Topological superconductors (TSCs) are a peculiar class of superconductors where the nontrivial topology of bulk leads to the emergence of Majorana bound states (MBSs) within the bulk superconducting gap1,2,3,4,5. Since MBSs are potentially applicable to the fault-tolerant quantum computation, searching for a new type of TSCs is one of the central challenges in quantum science. A straightforward way to realize TSCs would be to synthesize an odd-parity p-wave superconductor; however, intrinsic p-wave pairing is rare in nature, as highlighted by a limited number of p-wave superconductor candidates hitherto reported (e.g., refs. 6,7). A different approach to realize TSCs is to utilize the superconducting proximity effect (SPE) in a heterostructure consisting of a conventional superconductor and a spin-orbit coupled material such as a topological insulator (TI), as initiated by the theoretical prediction of effectively p-wave superconductivity induced in helical Dirac fermions and Rashba states8,9. This approach has been widely applied to various superconducting hybrids10,11,12,13,14,15,16,17, whereas the existence of MBSs is still under intensive debates. A part of the difficulty in establishing the SPE-derived topological superconductivity may lie in the SPE process itself, since the searched MBSs are expected to be localized in the vortex core at the interface within the heterostructure, and hence are hard to be accessed by surface-sensitive spectroscopies such as scanning tunneling microscopy (STM). Therefore, it would be desirable to invent an alternative way to realize TSCs without using bulk p-wave superconductor or the SPE.

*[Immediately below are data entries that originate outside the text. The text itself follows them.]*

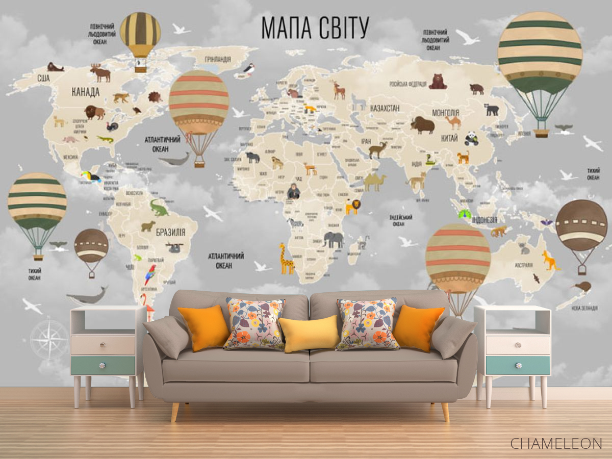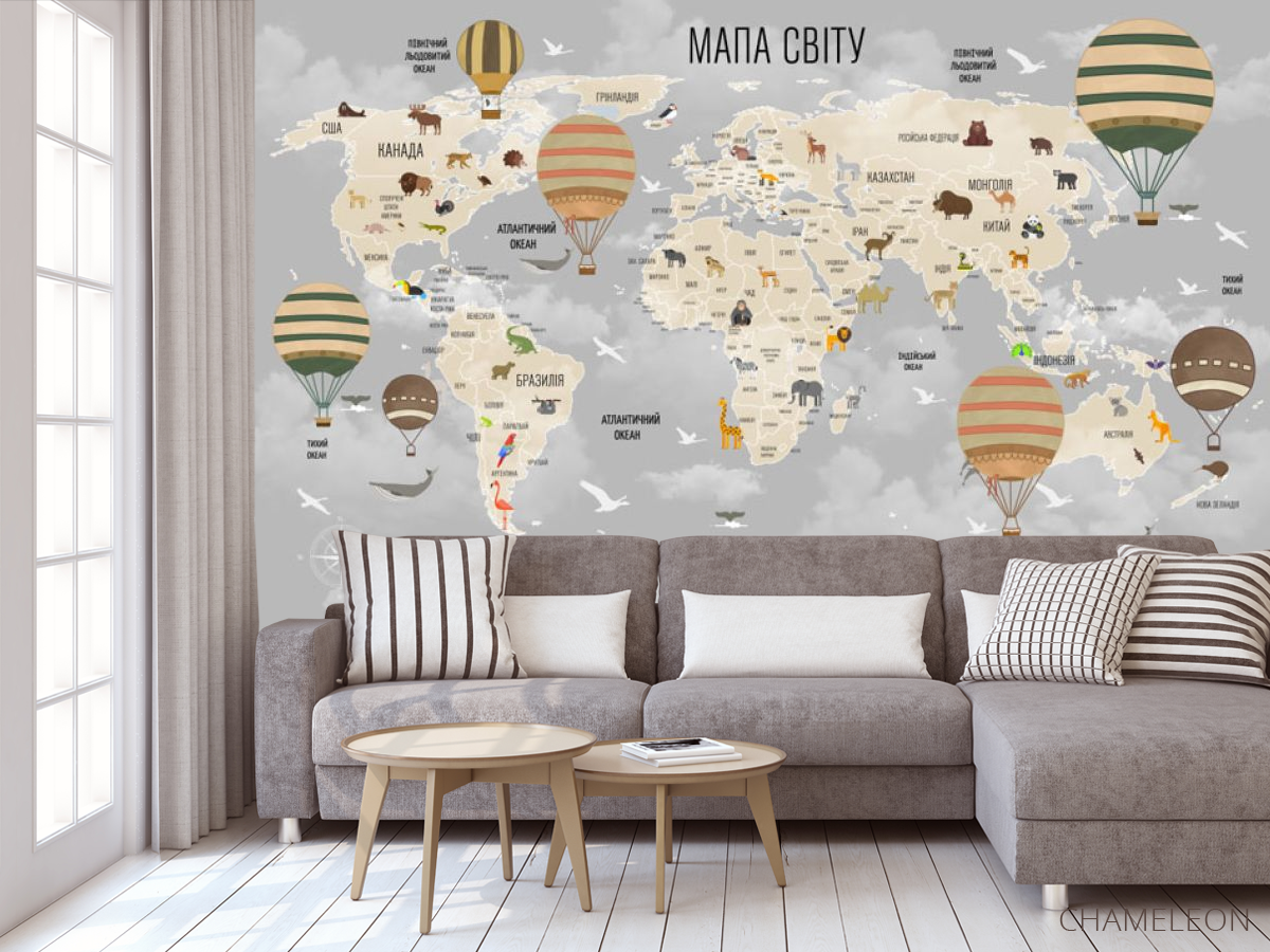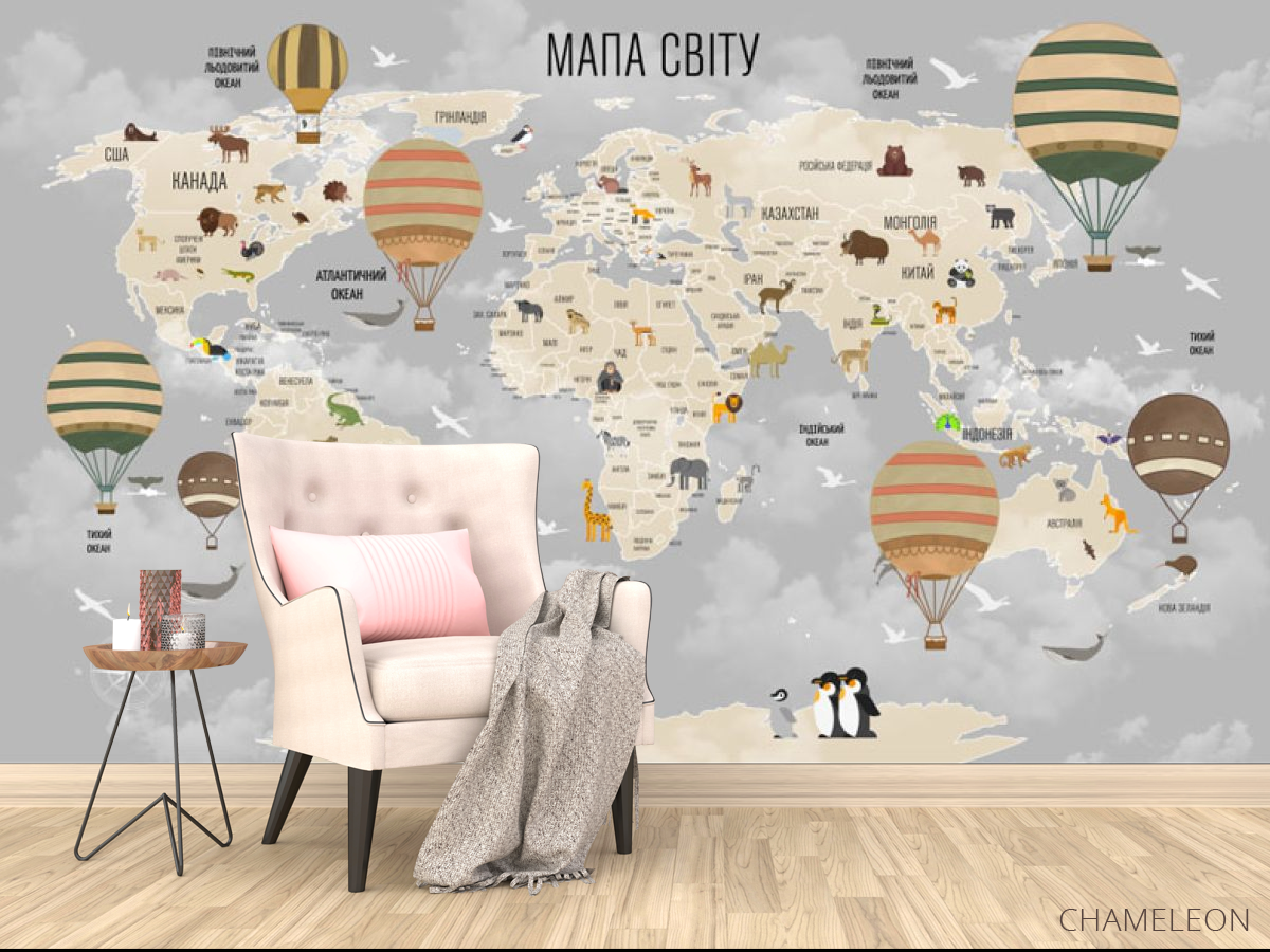 Фотообои Серая карта на украинском с воздушными шарами 22276
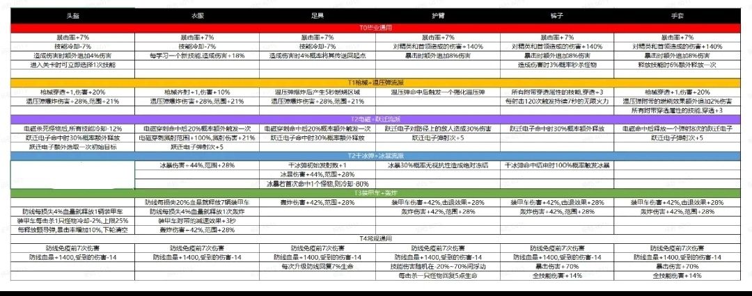 通用:秒杀,传送,暴击百分比伤害,技能穿透(对枪械生效),冷却(这个对枪械也是生效的),暴击(注意不是暴击伤害),对精英和BOSS加伤,枪械齐射,枪械穿透,防线免疫伤害次数
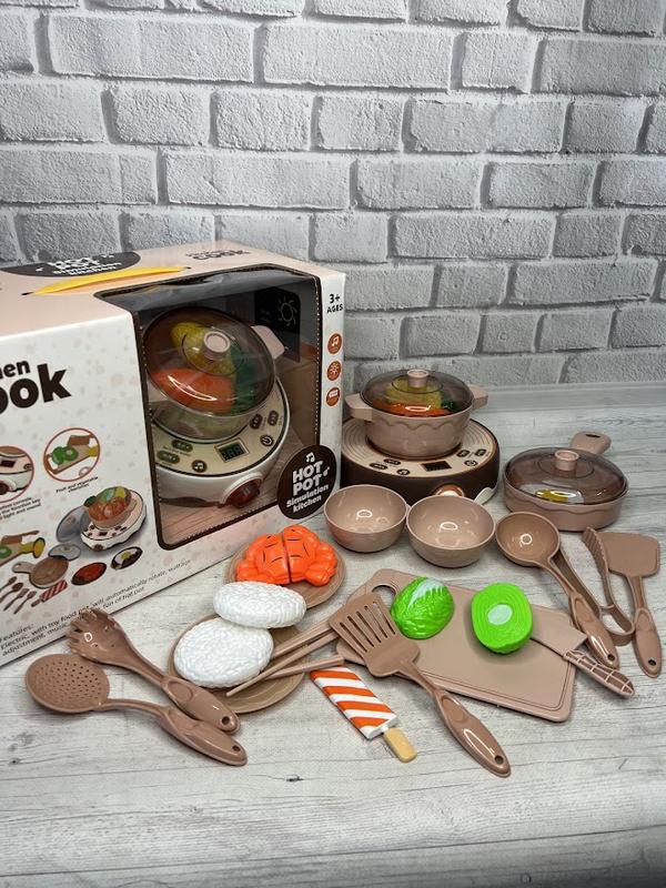Стильная игрушечная плитка станет лучшим помощником на детской кухне. С ее помощью можно не только приготовить блюда ресторанного уровня, но и воссоздать процесс готовки – после включения в центре пательные или кастрюли будет вращаться нижняя часть, что будет воспроизводить эффект перемешивания продуктов. А веселая готовка будет сопровождаться яркой подсветкой и динамичными мелодиями, которые помогут сосредоточиться на знакомстве с увлекательной профессией повара. Особенности: - набор состоит из плитки, кастрюли, пательные, набора лопаток, доски, посуды, продуктов на липучках и готовых составляющих для некоторых блюд; - кастрюля и патель имеют вращающиеся части при использовании плитки; - доска также имеет часть с формочками, с помощью которых можно создать различные продукты; - во время работы плитка подсвечивается и воспроизводит динамичные мелодии; - регулируется мощность работы плиты; - световые и звуковые эффекты работают от 3-х батареек типа “АА” (не прилагаются); - набор изготовлен из качественного пластика, который является безопасным для здоровья ребенка. Размер упаковки 34*24*18 см

In this work, we present the possibility to realize TSCs by using the topological proximity effect (TPE)18; such a novel approach was discovered through our angle-resolved photoemission (ARPES) study of a heterostructure consisting of an epitaxial Pb thin film grown on a three-dimensional (3D) TI, TlBiSe2.


Fabrication and characterization of Pb film on TlBiSe2

The studies of SPE for generating TSCs have often employed a heterostructure consisting of a TI thin film as a top layer and a Bardeen-Cooper-Schrieffer (BCS) superconductor as a substrate14,15,16,17. On the other hand, in our TPE approach, the stacking sequence is reversed, and a superconducting Pb thin film was grown on TlBiSe2 (Fig. 1a). We have deliberately chosen this combination, because (i) Pb films are known to maintain the superconductivity down to a few monolayers (MLs)19, and (ii) TlBiSe2 serves as a good substrate for epitaxial films18. Using the low-energy-electron-diffraction (LEED) (inset to Fig. 1d, f, h) and the ARPES results, we have estimated the in-plane lattice-constant a to be 3.5 and 4.2 Å for Pb (~20 ML) and TlBiSe2, respectively. While the a value of Pb film is close to that of bulk20, there is a sizable lattice mismatch of 19.5% between the Pb film and TlBiSe2.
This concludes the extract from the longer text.